Uma cultura assim, tendencialmente individualista, precisa de um acontecimento importante para banir a barreira que isola as pessoas. É a morte do filho, como nos conta a UJM, mas também é o golo no futebol que leva os jogadores a tocarem-se com todo o à vontade, tudo isto sem que haja qualquer ponta de recriminação social. Em termos de tacto, ainda se tolerava que um adulto fizesse uma pequena festa a uma criança. Mas isso já era, sobretudo depois da percepção da pedofilia. E com o fim da obrigação social de salvar os outros, idem, aspas, aspas. Não falar, não tocar, não olhar ..

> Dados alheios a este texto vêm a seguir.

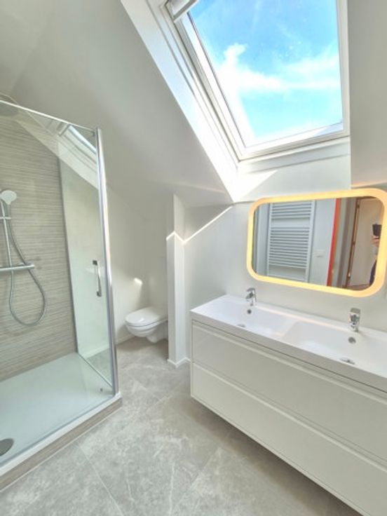 UCCLE - Entre Observatoire et la gare de Calevoet, belle exposition pour cette maison 3 façades entièrement rénovée de +/- 250 m2 dans une rue calme proche du Lycée Français. Hall d’entrée, vestiaire WC, garage , débarras, 2 caves au rez et grande pièce polyvalente donnant sur le jardin qui a été entièrement réaménagé, au 1er : séjour lumineux avec feu ouvert (nouveaux châssis, porte-fenêtre) donnant sur la terrasse et le jardin ; à l'avant : salle à manger et cuisine super-équipée récente. Au 2ème: 3 chambres avec parquet, 1 salle de bains neuve (en cours de réalisation), 1 dressing ; au 3ème étage: 2 belles chambres, une salle de douche (neuve - en cours de réalisation). Proximité gares et bus. Disponible au 15 août (1er occupation après rénovation). PEB : F - Chauffage central (chaudière à condensation). Nouveau châssis, nouvelle porte d'entrée et de garage -

O que resta neste “ser eminentemente social”, é a vontade de falar com os outros, é a vontade de tocar nos outros.
E digo tudo isto com uma profunda “mea culpa”. Eu que fiquei todo indignado quando um dia, num subúrbio que não conhecia, entrei num café grande, também desconhecido, totalmente vazio, sentei-me num dos seus cantos, e o cliente seguinte, o segundo, no meio de todo aquele espaço vazio, optou por acomodar-se na cadeira que pertencia à mesa que eu ocupava. Passamos a ser dois naquele café enorme. Tudo normal. O anormal estava na minha indignação.

Anónimo disse...

Parecem relatos extraídos de filme tipo Eat, Pray, Love. Fui uma vez de autocarro e uma senhora abeirou-se de mim. Há muita gente em sofrimento atroz, é normal acontecerem encontros assim meia dúzia de vezes na vida de qualquer pessoa, por muito lineares que ela e a sua vida sejam.